CUTANDWELD

🛢️ Gas Consumption Calculator

Enter your flow rate, arc time, and cylinder details to see how much shielding gas a job burns — in cubic feet, in dollars, and as a fraction of a bottle.

Informational estimates only — verify against your gas supplier's figures; not professional engineering advice.

🧮 Meter Your Gas

Flow is the CFH set on your regulator; arc-on time is the gas-flowing welding time. Informational estimates only — verify against your gas supplier's figures; not professional engineering advice.

🛢️ Gas used

Cubic feet used
70 cu ft
Cylinders used
0.28
Cost per cubic foot
$0.30
Gas cost for the job
$21.00

What is a Gas Consumption Calculator?

Shielding gas is an invisible line item that surprises fabricators when the bottle runs dry mid-job. Because flow is set in cubic feet per hour, the maths is refreshingly simple — flow times arc-on hours gives the volume — but seeing it in dollars and in cylinders changes how you set the regulator and when you order the next fill.

The tool also exposes the false economy of cranking the flow up: double the CFH and you double the gas bill for no better weld, since over-flow just turns turbulent and drags air into the shield. Use it to right-size your flow, budget a production run, and know how many bottles a batch will drink before you start. It is a planning estimate — confirm prices and capacities with your supplier.

❓ Frequently Asked Questions

How is shielding gas consumption calculated?
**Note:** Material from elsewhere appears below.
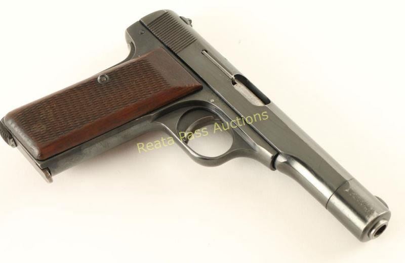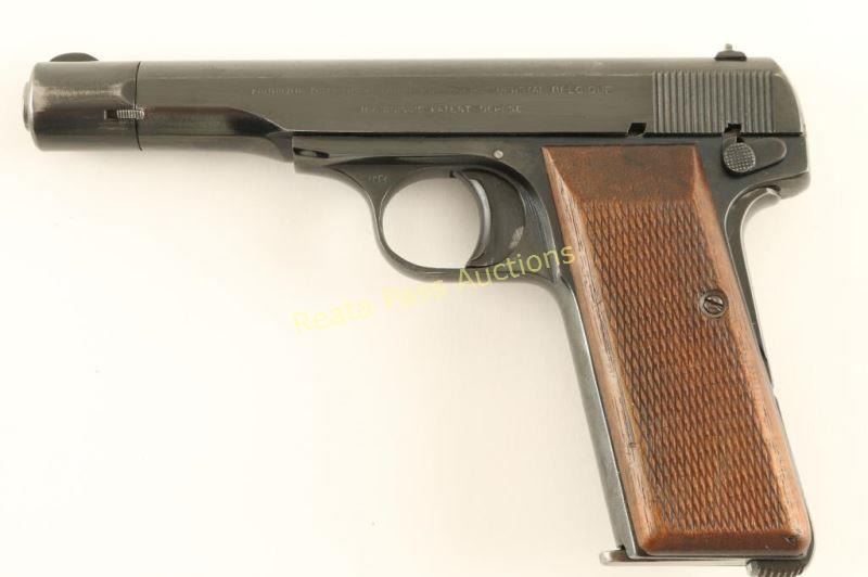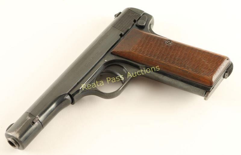 Nazi proofed semi-automatic pistol chambered in 7.65mm, produced in Belgium circa 1940-1944. Features a nicely reblued finish, 4.5" barrel, blade front sight, dovetailed rear window sight, steel frame, smooth trigger, manual safety, grip safety, 9 round factory magazine and two piece checkered wood grips. No import marks. Markings: Slide - "FABRIQUE NATIONALE DARMES DE GUERRE HERSTAL BELGIQUE", "BROWNING'S PATENT DEPOSE" & "122932" stamped on the inside. Frame - Eagle/swastika, "122932", & "MR". Barrel - Eagle & "122932". Barrel bushing - "122932". Magazine - Eagle/WaA140 & FN logo/765m/m. Pistol exhibits approximately 90% of it's blued refinish showing holster wear and light handling marks. Action is sound, bore is excellent and wood grips are very good. Condition is very good as refinished. ***C&R Firearm*** ***Modern Firearm***

Gas is measured in cubic feet per hour (CFH) on your regulator, so the volume used is simply the flow rate multiplied by the arc-on time in hours. Thirty-five CFH over two hours of arc time burns seventy cubic feet. Divide by your cylinder's capacity to see what fraction of a bottle that is.
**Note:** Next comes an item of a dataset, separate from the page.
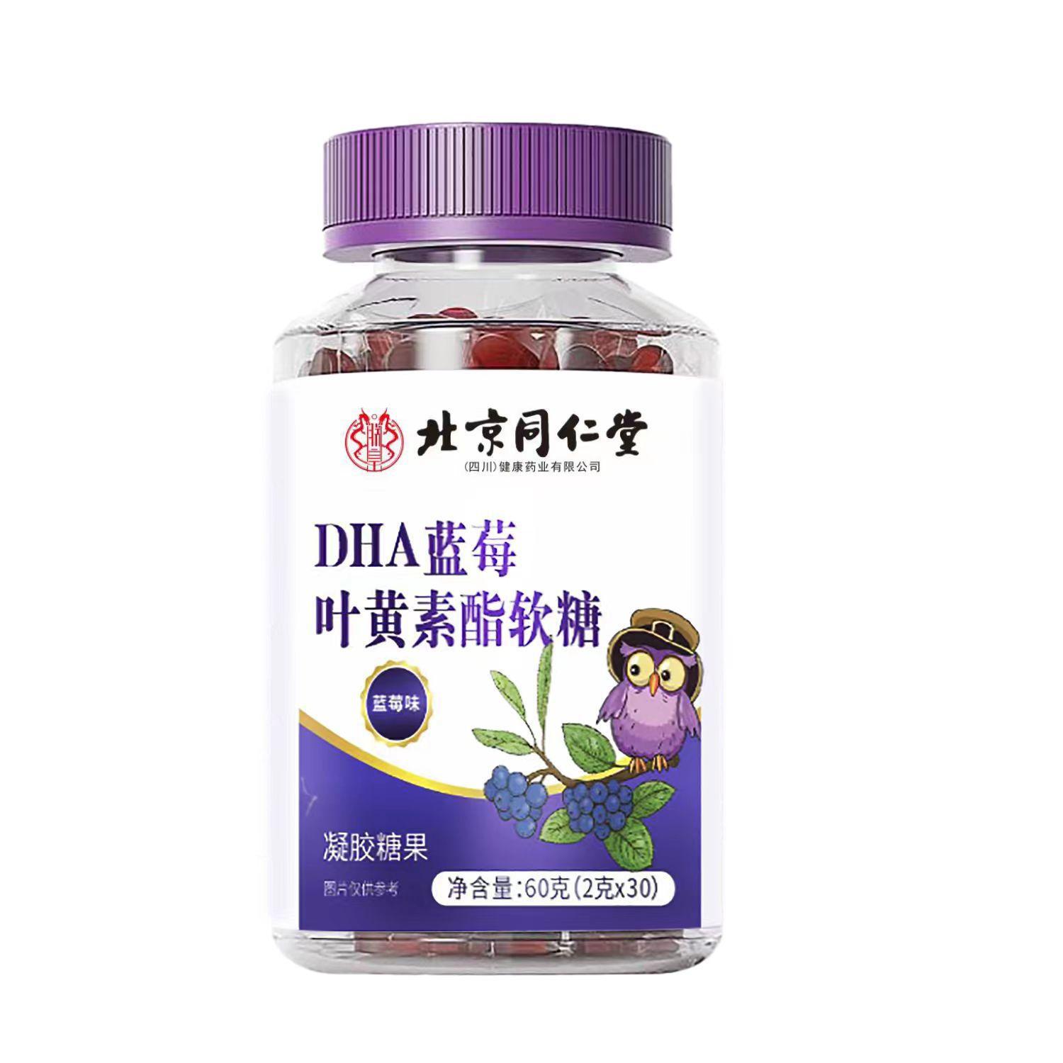 Caramelos gomosos de éster de luteína de arándano DHA de Beijing Tongrentang, botella de 60 g, fabricante de origen que apoya a una generación

What flow rate should I use?

Most MIG and TIG work runs somewhere around 15–25 CFH indoors, higher for larger cups or drafty conditions. More is not better: excess flow becomes turbulent, pulls air into the shield, and wastes gas. Set it to the lowest rate that keeps a clean, porosity-free bead.

How do I find my cylinder's capacity?

Cylinders are sized by the cubic feet of gas they hold — common shop bottles run from about 40 up to 250-plus cubic feet. It is stamped or labelled on the bottle, or listed on your supply agreement. Entering it lets the calculator tell you how many bottles a job or a batch will empty.

Is the cost figure exact?

It is an informational estimate. It prorates your cylinder cost across the gas actually used, but rental, hazmat, and delivery fees sit on top, and gas prices move. Verify against your gas supplier's figures; not professional engineering advice.